ABOUT THIS EXERCISE: Give again, word for word, the lines below that run from the line with "Губернатор Кировской области" through the line with "2012年4月26日(周四)". Drop the pictures.

Stored items from a collection:
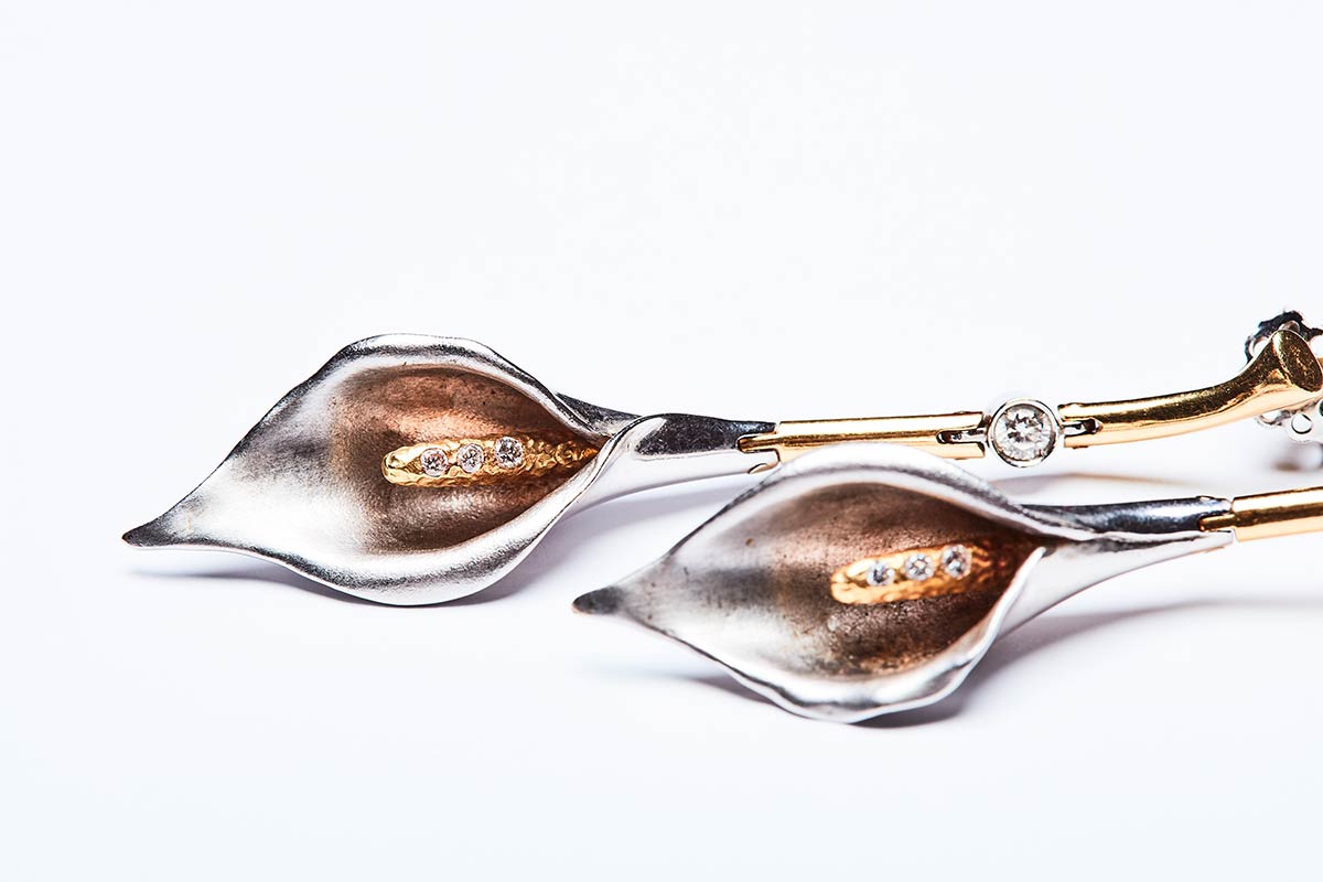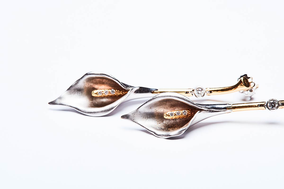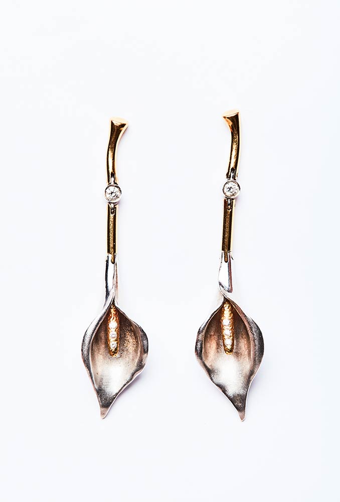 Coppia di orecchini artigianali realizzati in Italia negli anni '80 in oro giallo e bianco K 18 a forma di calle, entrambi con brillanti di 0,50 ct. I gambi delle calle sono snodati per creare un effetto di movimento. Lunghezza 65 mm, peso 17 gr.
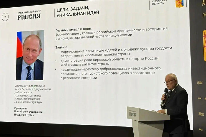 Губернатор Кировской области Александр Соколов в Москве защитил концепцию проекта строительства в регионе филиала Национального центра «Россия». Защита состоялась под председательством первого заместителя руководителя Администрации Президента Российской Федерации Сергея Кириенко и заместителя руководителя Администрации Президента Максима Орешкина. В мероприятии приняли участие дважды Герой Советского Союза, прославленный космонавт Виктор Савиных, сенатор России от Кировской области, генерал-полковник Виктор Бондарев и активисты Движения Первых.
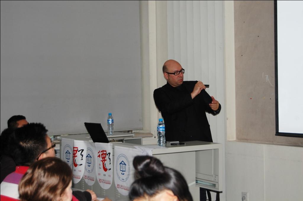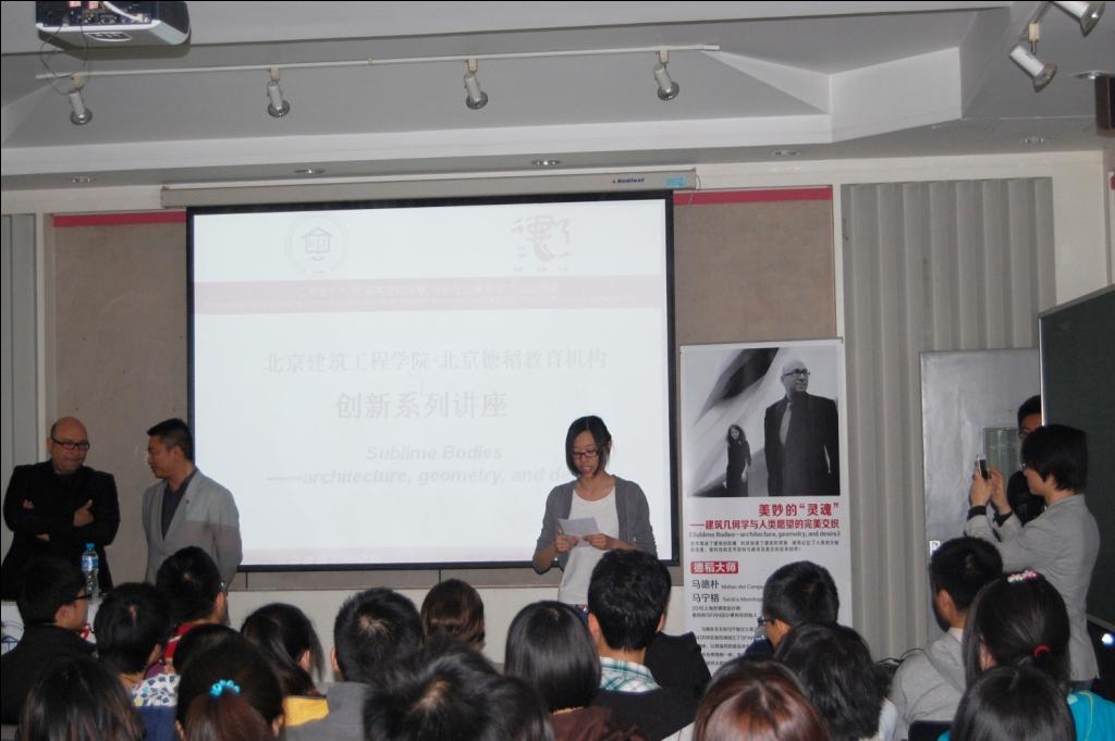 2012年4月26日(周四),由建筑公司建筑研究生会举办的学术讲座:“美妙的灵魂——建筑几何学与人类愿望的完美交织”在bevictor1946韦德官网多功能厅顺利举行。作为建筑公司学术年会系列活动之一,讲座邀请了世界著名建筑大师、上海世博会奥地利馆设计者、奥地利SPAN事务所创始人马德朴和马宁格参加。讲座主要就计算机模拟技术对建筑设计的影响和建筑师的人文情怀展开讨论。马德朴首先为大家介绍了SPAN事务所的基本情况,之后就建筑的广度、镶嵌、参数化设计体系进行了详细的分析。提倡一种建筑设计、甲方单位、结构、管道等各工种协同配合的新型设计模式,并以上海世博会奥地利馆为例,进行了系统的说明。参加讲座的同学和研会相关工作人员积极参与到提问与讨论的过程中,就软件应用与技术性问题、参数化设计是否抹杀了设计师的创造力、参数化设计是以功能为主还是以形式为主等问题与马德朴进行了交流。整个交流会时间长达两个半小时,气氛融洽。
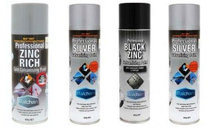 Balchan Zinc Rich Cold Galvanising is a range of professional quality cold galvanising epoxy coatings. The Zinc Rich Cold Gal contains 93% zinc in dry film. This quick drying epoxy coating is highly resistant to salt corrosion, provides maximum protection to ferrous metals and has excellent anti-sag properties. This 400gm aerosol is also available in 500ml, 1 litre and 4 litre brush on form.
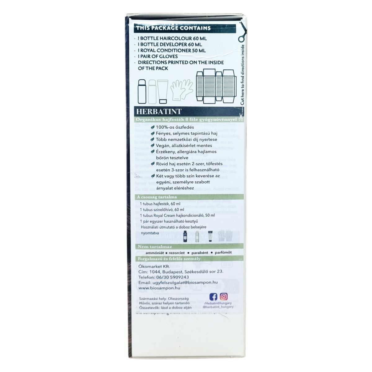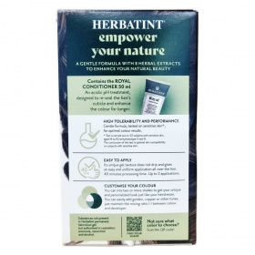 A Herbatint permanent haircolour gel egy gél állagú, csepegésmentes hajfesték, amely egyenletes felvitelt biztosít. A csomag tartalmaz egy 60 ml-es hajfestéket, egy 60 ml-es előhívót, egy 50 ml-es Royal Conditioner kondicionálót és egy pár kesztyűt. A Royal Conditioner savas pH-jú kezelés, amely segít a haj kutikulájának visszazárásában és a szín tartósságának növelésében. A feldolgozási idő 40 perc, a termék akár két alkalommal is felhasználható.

SOLUTION TO THIS EXERCISE:
 Губернатор Кировской области Александр Соколов в Москве защитил концепцию проекта строительства в регионе филиала Национального центра «Россия». Защита состоялась под председательством первого заместителя руководителя Администрации Президента Российской Федерации Сергея Кириенко и заместителя руководителя Администрации Президента Максима Орешкина. В мероприятии приняли участие дважды Герой Советского Союза, прославленный космонавт Виктор Савиных, сенатор России от Кировской области, генерал-полковник Виктор Бондарев и активисты Движения Первых.
 2012年4月26日(周四),由建筑公司建筑研究生会举办的学术讲座:“美妙的灵魂——建筑几何学与人类愿望的完美交织”在bevictor1946韦德官网多功能厅顺利举行。作为建筑公司学术年会系列活动之一,讲座邀请了世界著名建筑大师、上海世博会奥地利馆设计者、奥地利SPAN事务所创始人马德朴和马宁格参加。讲座主要就计算机模拟技术对建筑设计的影响和建筑师的人文情怀展开讨论。马德朴首先为大家介绍了SPAN事务所的基本情况,之后就建筑的广度、镶嵌、参数化设计体系进行了详细的分析。提倡一种建筑设计、甲方单位、结构、管道等各工种协同配合的新型设计模式,并以上海世博会奥地利馆为例,进行了系统的说明。参加讲座的同学和研会相关工作人员积极参与到提问与讨论的过程中,就软件应用与技术性问题、参数化设计是否抹杀了设计师的创造力、参数化设计是以功能为主还是以形式为主等问题与马德朴进行了交流。整个交流会时间长达两个半小时,气氛融洽。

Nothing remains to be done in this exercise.